DeSoc, by contrast, is a stochastic social pluralism, a network of individuals and communities that, as emergent attributes of each other, collectively determine their own future. From the perspective of web2, the development of DeSoc can be compared to the rise of participatory government popular in monarchies for centuries. Participatory government did not necessarily lead to democracy, it also led to the rise of communism and fascism. Similarly, SBTs do not make digital infrastructure inherently democratic, but compatible with democracy according to what Souls/soul clusters and Communities/community clusters decide together. Opening up this space of possibility is a clear step up from the authoritarianism of Web2 and the anarcho-capitalism of DeFi.
refer to
[8] We say"innocent", because highly cooperative groups will naturally seek to advance their interests, likely for the sake of their collective interest.
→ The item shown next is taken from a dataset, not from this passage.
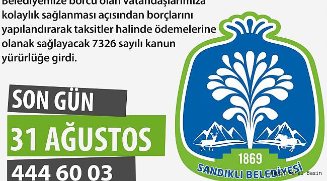 Belediyemize borcu olan vatandaşlarımıza kolaylık sağlanması açısından borçlarını yapılandırarak, taksitler halinde ödemelerine olanak sağlayacak 7326 sayılı kanun yürürlüğe girdi.Resmi gazetede yayınlanarak yürürlüğe giren kanun sayesinde belediyemize borcu olan vatandaşlarımız, 31/08/2021 tarihine kadar sandıklı belediyesi Mali Hizmetler Müdürlüğümüze ya da E-Belediye hizmetimizden başvuru yaparak bu hizmetten faydalanabilirler.Belediyemize Emlak, ÇTV, Su, Vergi Borcu, İlan reklam ücreti gibi benzeri borcu olan mükelleflerimiz, Mali Hizmetler Müdürlüğümüze bizzat başvuru yaparak ya da https://ebelediye.sandikli.bel.tr/webportal/ linkinden yapılandırma yapabilirler.
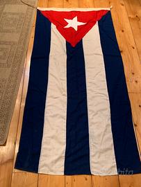 Bandiera utilizzata presso l’ambasciata cubana in italia , durante gli anni 90 , in robusto cotone rinforzato e trattato per l’esposizione all’esterno , integra senza strappi o fori , misure 140 x 70 .

[9] Under the quadratic rule, team members can buy a contract that pays $X conditioned on the occurrence of the event, but at a cost of (X^2)/$2. For example, if the event occurs, an individual who sets X=0.5 will receive $0.5, an amount paid by the voter, and in any event pays at least $0.125.
[10] If a person evaluates the probability p, their expected reward Λ is pX and the cost is X^2/2. Taking derivatives on X, the optimal condition is p=X, assuming risk neutrality, which is reasonable for small bets (reward Λ and cost can be arbitrarily reduced or increased, and the same argument still holds).
[11] See Eric Posner, Glenn Weil, Radical Markets: Uprooting Capitalism and Democracy for a Just Society, Princeton University Press, 2018.